Gdy studiowałem w seminarium, pracowałem również w domu opieki. Gdy spędzałem czas na rozmowach z pacjentami, każdy z nich wspominał o poczuciu własnej samotności oraz o świadomości, że przeżył swoich kolegów. Większość z nich zastanawiała się, czy po ich odejściu ktokolwiek będzie o nich pamiętał.

Nie tylko jednak ludzie starsi mogą czuć się samotni i zapomniani. W pułapce samotności znalazło się wielu z nas. Zostaliśmy mniej lub bardziej sprawiedliwie odsunięci na bok. Czasami doświadczamy nawet tego, przez co przechodził starotestamentowy Józef: ludzie bez żadnego powodu przestali o nas pamiętać.

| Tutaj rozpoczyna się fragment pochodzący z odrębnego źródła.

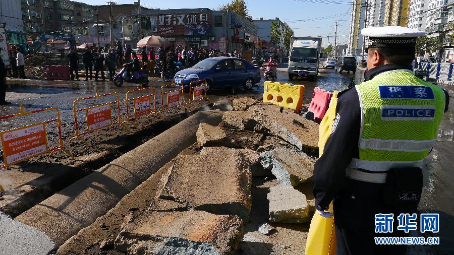 11月7日,交警在處置濟(jì)南市黃臺南路地下供熱管道爆炸現(xiàn)場。當(dāng)日上午,濟(jì)南市黃臺南路的地下供熱管道發(fā)生爆炸,導(dǎo)致路面被掀翻十幾米,數(shù)人受傷。 新華社發(fā)
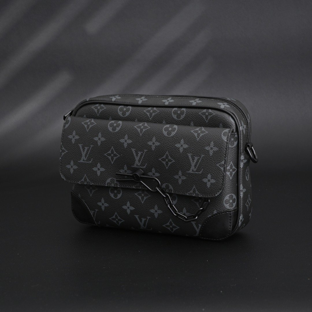 Steamer Series Messenger Bag for Men – Undeniably a Bestseller! Combines numerous classic Louis Vuitton elements: monogram canvas, adjustable leather shoulder strap, chain details. Features dual compartments: exterior flap pocket and interior zipper pocket. Ample capacity for daily casual use – a worthwhile purchase!

I Księga Mojżeszowa 40 opisuje jego przeżycia w więziennej matni. Podczaszy został zwolniony i wrócił do królewskiej służby zgodnie z przepowiednią Józefa (w. 9-13). Patriarcha poprosił podczaszego by ten wspomniał o nim przed faraonem. Podczaszy jednak o nim zapomniał (w.14,23).

My również możemy czuć się zapomniani. Jak potwierdza życie Józefa, jest to jednak podejście niesłuszne (42:9-13). Jezus — nasz pośrednik i Zbawiciel — siedzi bowiem po prawicy Bożej i sprawia, że nasze modlitwy zawsze docierają do tronu Króla. Gdy poczujemy się osamotnieni, nie zapomnijmy odpoczywać w ufnej świadomości, że Jezus obiecał nam swoją obecność na wieki (Ew. Mateusza 28:20).